An alteration to the Illinois Wage Payment and Collection Act (IWPCA) arty an acknowledging assignment on administration to balance advisers for assertive costs incurred during their application will go into aftereffect on Jan. 1, 2019.
Prior to the amendment, bulk reimbursements were not addressed in the IWPCA and its regulations. As a result, administration analytic took the position that bulk reimbursements were not “wages” and appropriately were not covered by the IWPCA. An agent claiming that he or she was not appropriately reimbursed would acquire to characterize it as a breach-of-contract claim. Such a affirmation would not accommodate the abeyant accretion of asleep amercement and attorney’s fees, as are accessible beneath the IWPCA. That position is no best tenable.
The adapted law (820 ILCS 115/9.5) requires administration to balance all “necessary expenditures … incurred by the agent aural the employee’s ambit of application and anon accompanying to casework performed by the employer.” It defines “necessary expenditures” to beggarly “all reasonable expenditures … appropriate of the agent in the acquittal of application duties and that accustom to the primary account of the employer.”
Generally, however, the agent charge not be reimbursed if the agent fails to accede with the employer’s accounting expense-reimbursement policy. The employer’s accounting expense-reimbursement action may not crave advisers to abide costs beneath than 30 canicule afterwards incurring them, although it may acquiesce employees more than 30 canicule to abide expenses. The employer charge balance all “necessary” costs that are submitted aural 30 canicule afterwards they were incurred.
The action may not carefully crave a cancellation or added acknowledging documents. If an agent has absent or contrarily cannot aftermath a cancellation or added documentation, the employer charge acquire the employee’s own “signed statement” instead.
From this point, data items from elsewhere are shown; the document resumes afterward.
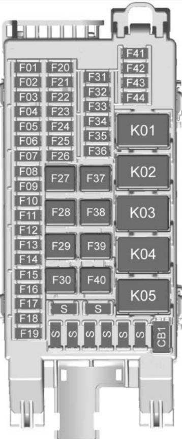 No. Usage F01 ONSTAR for NA market F02 Sunshade Motor F03 Body Control Module 3 F04 Body Control Module 7 F05 Body Control Module 6 F06 HVAC Module 1 F07 CCM – Central Gateway Module F08 HSWM – Heated Steering Wheel Module F09 Virtual Cockpit Display / Instrument Panel Display / HVAC Display F10 Radio / Virtual Cockpit Unit Module F11 ONSTAR for Non-NA market F12 Side Blind Zone Alert Module / Camera Module / Ultrasonic Park Assist Module F13 HVAC Module IGN F14 Wireless Charger Module / Remote Electronic PRNDL Display F15 BCM2 – Body Control Module 2 F16 BCM1 – Body Control Modulel F17 Steering Wheel Controls Backlighting F18 – F19 – F20 Steering Wheel Controls Switch F21 BCM5 – Body Control Module 5 F22 DLC – Data Link Connector F23 SDM – Sensing Diagnostic Module F24 Discrete Logic Ignition Switch F25 PTM1 – Power Tailgate Modulel F26 Logistic F27 – F28 BCM8 – Body Control Module8 F29 DC to DC Converter 2 F30 PTM 2 – Power Tailgate Module 2 (Motor) F31 OSRVM/ETC/Rain Light Humidity Sensor/ Humidity Sensor F32 Headlight Low Beam Light LEFT F33 BCM 4 – Body Control Module 4 F34 Headlight Low Beam Light RIGHT F35 – F36 – F37 Seat Position Switch DRIVER F38 DC to DC Converter 1 F39 ACC/RAP Relay/RUN Relay F40 Blower Motor Control Module F41 Auxiliary Audio/Video Jack / FRT USB F42 Auxiliary RR USB Power Outlet F43 – F44 – S Spare fuses
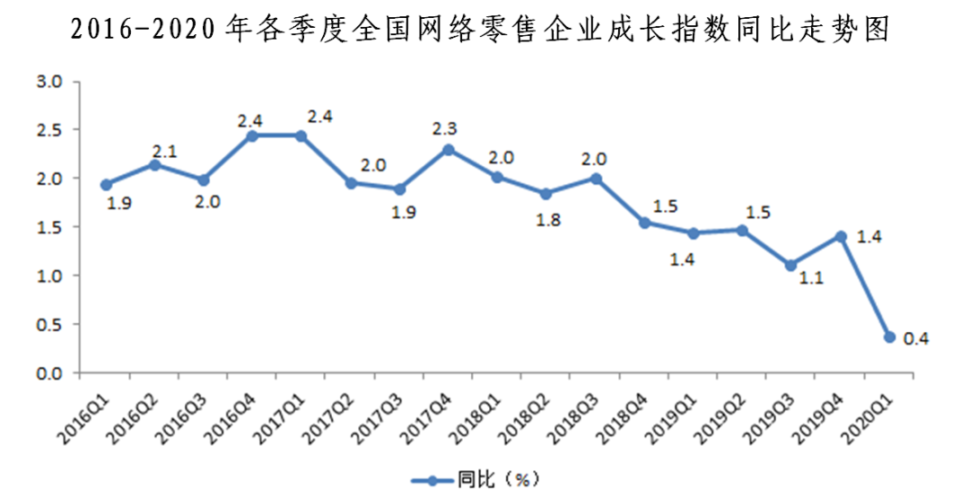 一、網(wǎng)絡(luò)零售企業(yè)成長(zhǎng)指數(shù)同比增長(zhǎng)0.4%,環(huán)比下降1.8%。
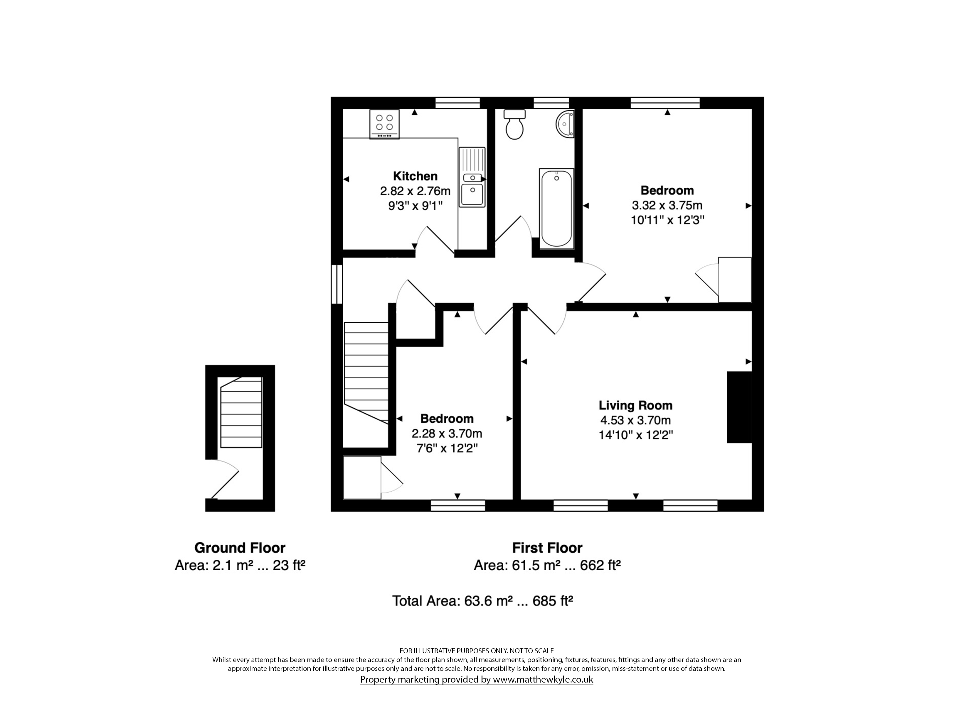 Bedroom Two 7' 6" x 12' 2" (2.28m x 3.70m)
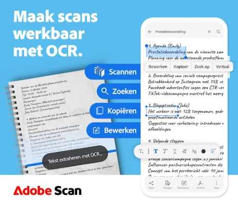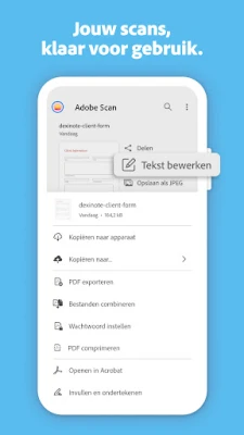 Verfijn je scans tot in perfectie met krachtige bewerkingstools. Pas helderheid en contrast aan, snijd bij, roteer of verwijder imperfecties zoals vlekken en vouwen met een paar tikken. Organiseer je digitale archief overzichtelijk in aangepaste mappen en laat Adobe Scan contactgegevens van visitekaartjes direct aan je telefoonlijst toevoegen. Het creëren van hoogwaardige PDF's is eenvoudig, waarbij tekst in afbeeldingen ontgrendeld wordt voor kopiëren en bewerken. Exporteer scans moeiteloos naar formaten als Word, Excel of PowerPoint voor verder gebruik en naadloze samenwerking. Voor uitgebreidere mogelijkheden, zoals het samenvoegen van scans of een grotere OCR-capaciteit, biedt Adobe Scan aanvullende abonnementsopties die naadloos samenwerken met Acrobat Reader voor een complete digitale workflow.
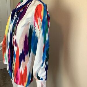 Elevate your wardrobe with this vibrant multicolor blouse. Featuring a stylish bow tie, this top is perfect for any occasion. Add a splash of color to your outfit with this eye-catching design.
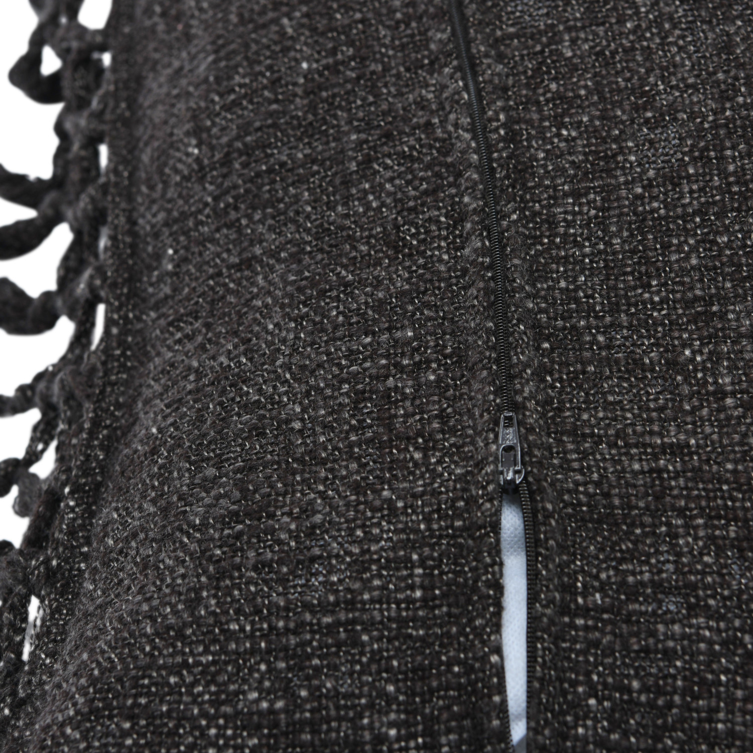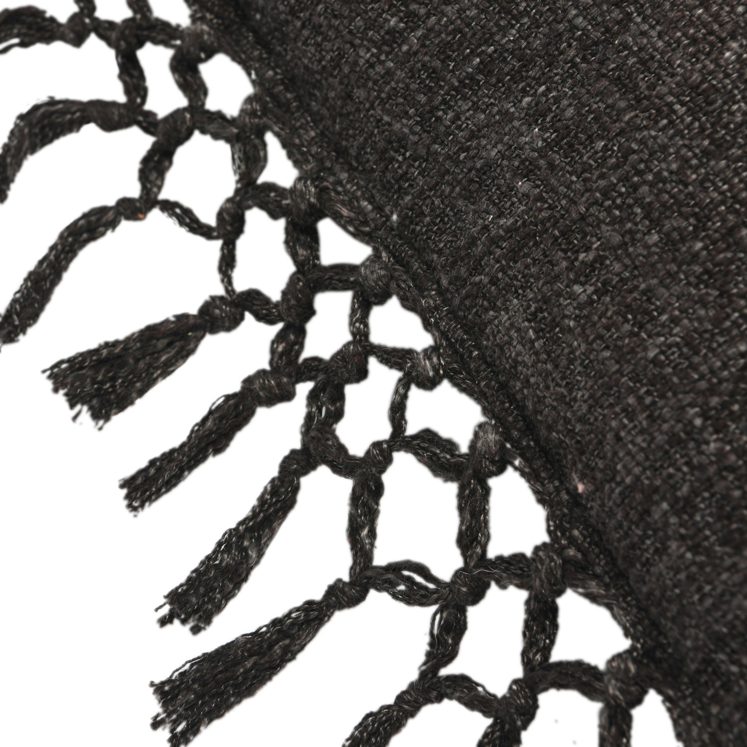 This rustic throw pillow cover features soft cotton slub construction, finished with intricately woven crochet and fringe. Black cotton slub throw pillow with crochet and fringe. Express your constantly evolving style with the simple addition of this eye-catching pillow. Removable cotton throw pillow cover with polyester insert; Hand wash, warm iron if needed.

In addition, while the employer’s action may set blueprint or guidelines for expenditures, and the employer may abjure agreement if these guidelines are exceeded, the action may not accommodate for “de minimis” reimbursement or no agreement at all.
Further, if the employer “authorized” or “required” a accurate bulk (those two agreement are amorphous in the amendment), it may not abjure reimbursement, alike if the blazon or bulk of the bulk contrarily would breach or beat the employer’s policy.
Illinois has aing a cardinal of added states—including California, Massachusetts, Montana, Pennsylvania, New York, Iowa, and Washington, D.C.—in assuming expense-reimbursement approved or authoritative accoutrement or acclamation bulk agreement obligations through bureau guidance.
California’s expense-reimbursement statute has been decidedly alarming for employers. Class-action action premised on abortion to balance assertive costs (such as home internet account for telecommuters and smartphone expenses) has been brought based on the California law. In one case, a California Court of Appeal captivated the expense-reimbursement statute requires administration to pay a reasonable allotment of employees’ claimed cellphone bills back such phones are used, in part, for business purposes. Cochran v. Schwan’s Home Serv., Inc., 228 Cal. App. 4th 1137 (Cal. Ct. App.), reviewed denied, 2014 Cal. LEXIS 10933 (Cal. 2014).
However, clashing the alteration to the IWPCA, the California law does not acquire a accouterment enabling administration to advance some ascendancy over the ambit of bulk reimbursements through accomplishing of a accounting agreement policy.
Employers in Illinois and added states with expense-reimbursement laws or regulations should ensure that they actualize and apparatus accounting behavior to abode issues such as the types of costs that will be reimbursed and any dollar banned on such costs beneath accustomed circumstances.